On Wed, Jun 04, 2025 at 10:25:36AM +0100, Stuart Henderson wrote:
> I just noticed that I've still got this diff in my tree and wondered
> if it's going to go anywhere.
> 
> The thread from last year got derailed into discussion about libc
> (partly my fault) and SIMD (not likely to be really useful in the
> kernel) - https://marc.info/?t=173284225400001&r=1&w=2 - but I don't
> think there were any particular objections, and there were good test
> reports, for the diff as presented.

Reading the code it appears to do what it claims to do without introducing any
new bugs.

But if the existing code is going to be replaced at all, presumably we want to
ensure that the replacement is the most appropriate, (in terms of trade off of
performance and complexity), for the foreseeable future to avoid churn.

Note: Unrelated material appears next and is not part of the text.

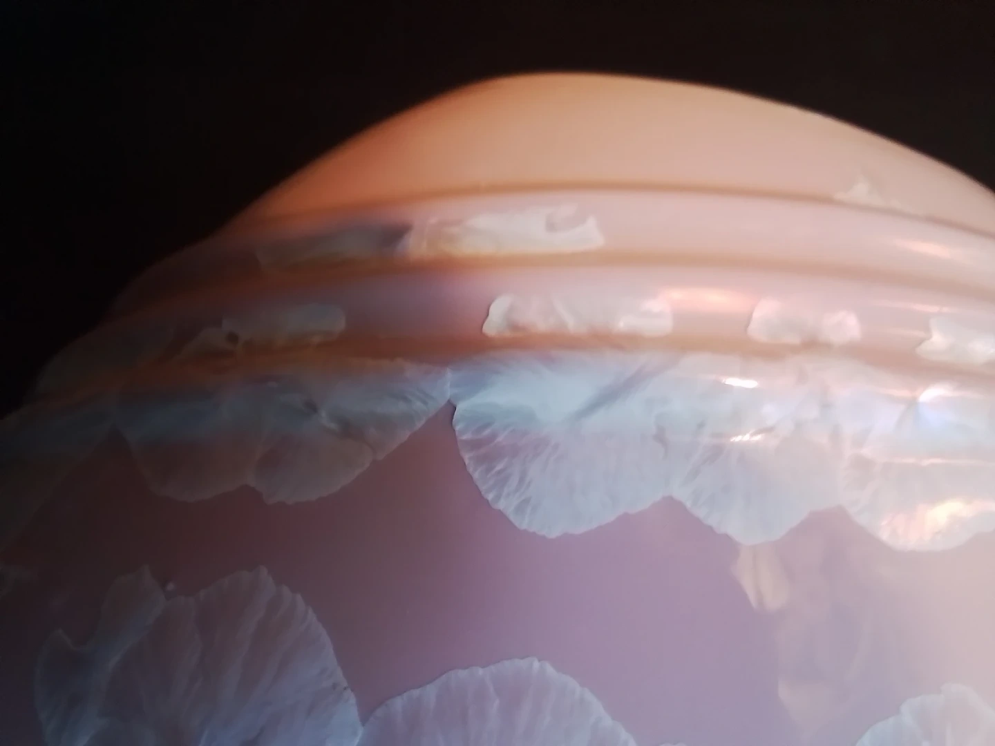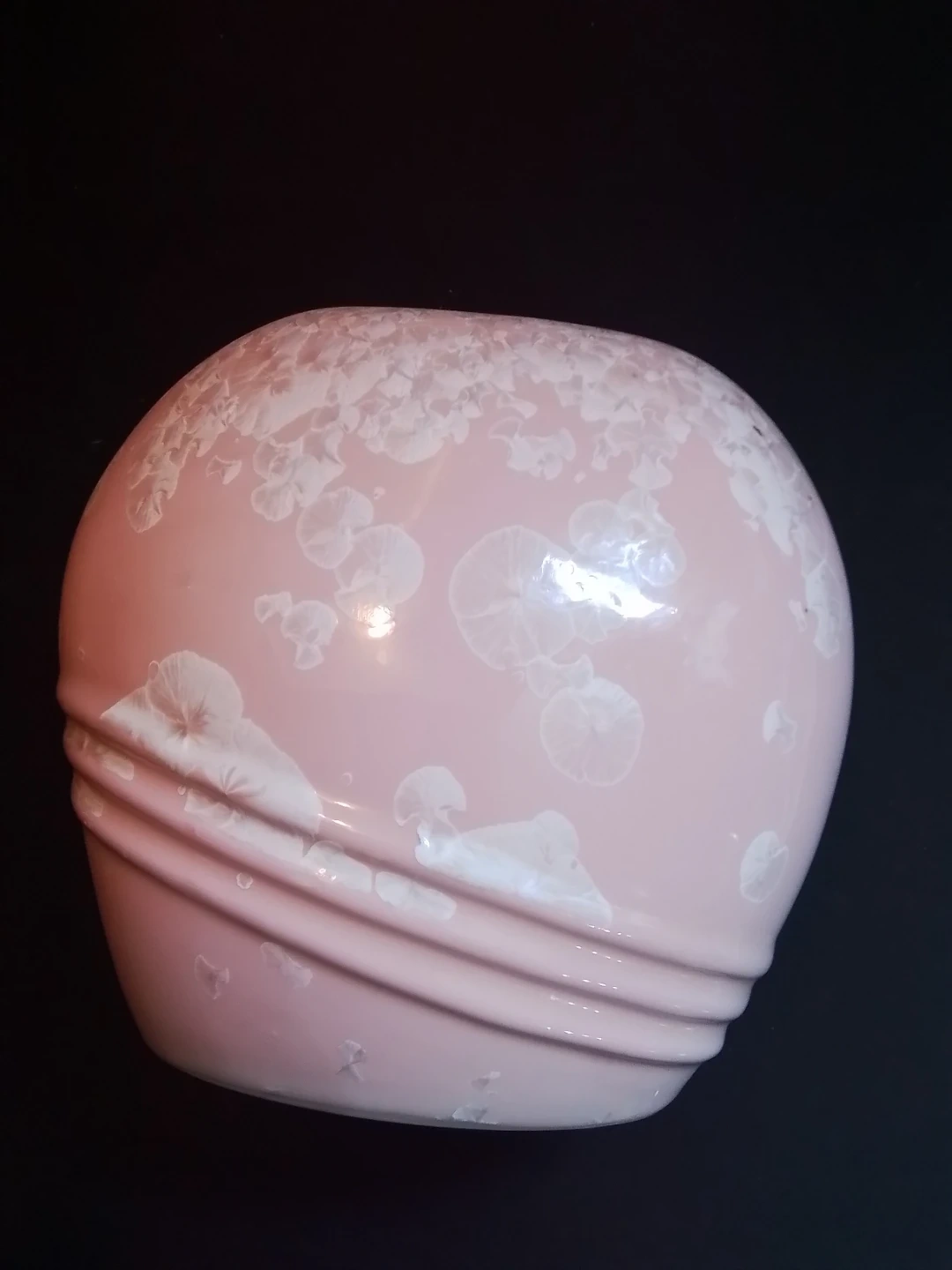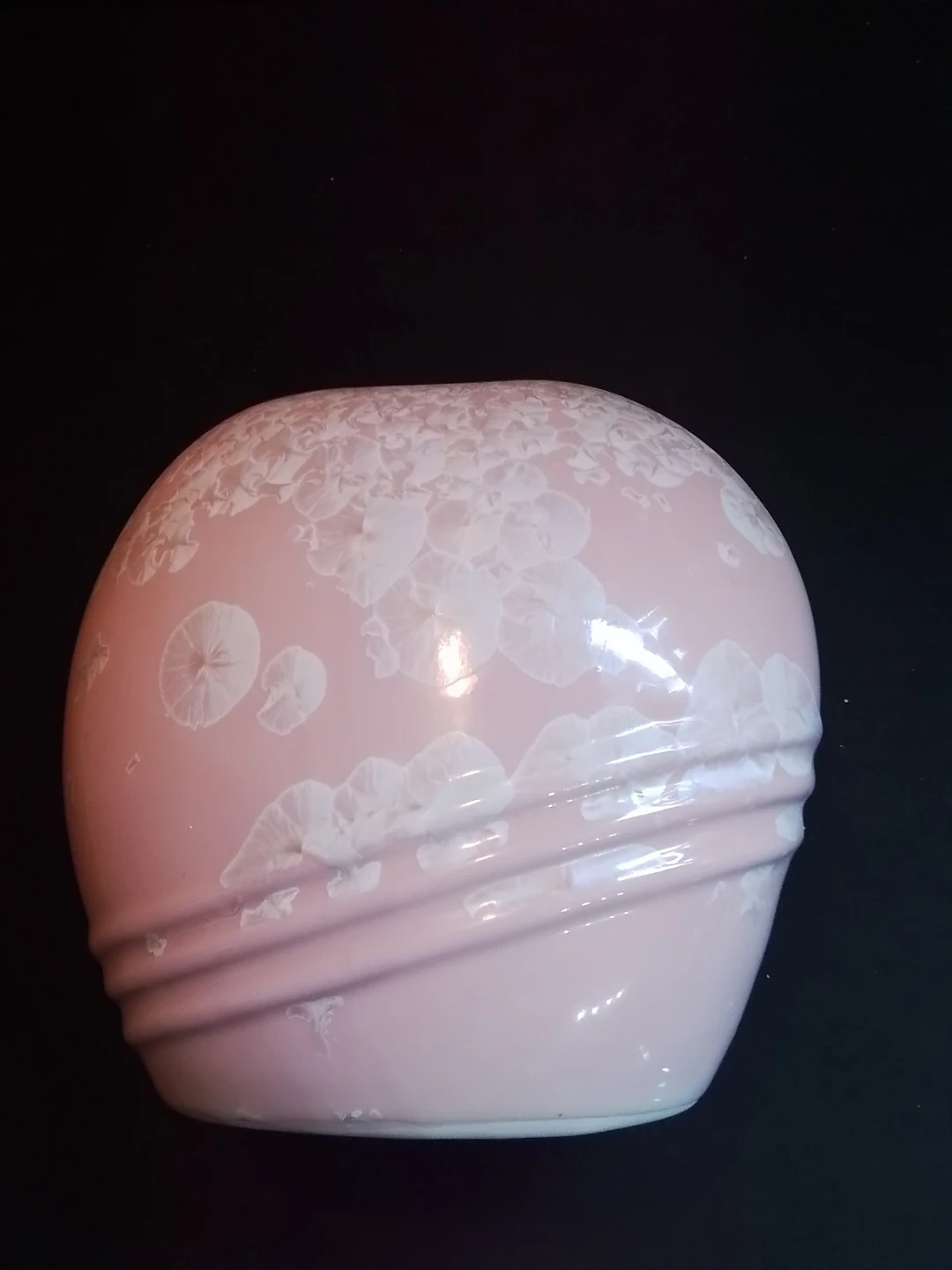 This is a used vintage Chinese pink crystalline glazed ceramic vase, standing at approximately 7.5 inches in diameter and 7 inches in height. The vase features a delicate pink hue complemented by unique crystalline patterns across its surface. It is signed on the bottom with a Chinese character mark, adding to its authenticity and collectibility.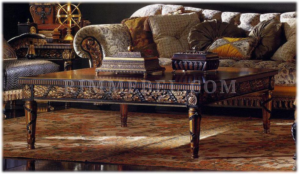 Журнальный столик, декорированный резьбой. Инкрустированный топ. Возможны другие варианты отделки, в том числе вариант столика с мраморным топом

On this point, I'm dubious.  The lack of comments and numeric labels doesn't
make the assessment any easier, because it isn't obvious whether any
particular part of the code is intentionally done for performance reasons or
whether it's an oversight.

For example, there are two code paths that can deal with the case of having
exactly 32 bytes left in the buffer.

If you enter memcmp() with rdx==32, then the byte comparison is handled by
the routine at 101632.

If you enter memcmp() with rdx being a multiple of 32, then you end up
spinning in 103200, because the cmpq $32,%rdx is followed by a jae,
(jump above _or equal_), meaning it's testing rdx >= 32.

So the last 32 bytes are compared by 103200 instead of 101632.

If the 103200 routine is indeed preferred for performance, (and on what
hardware?), then why is the initial cmpq in 101632 followed by a ja instead of
a jae?

I can see what the code _does_, but without comments who knows what it's
_supposed_ to do?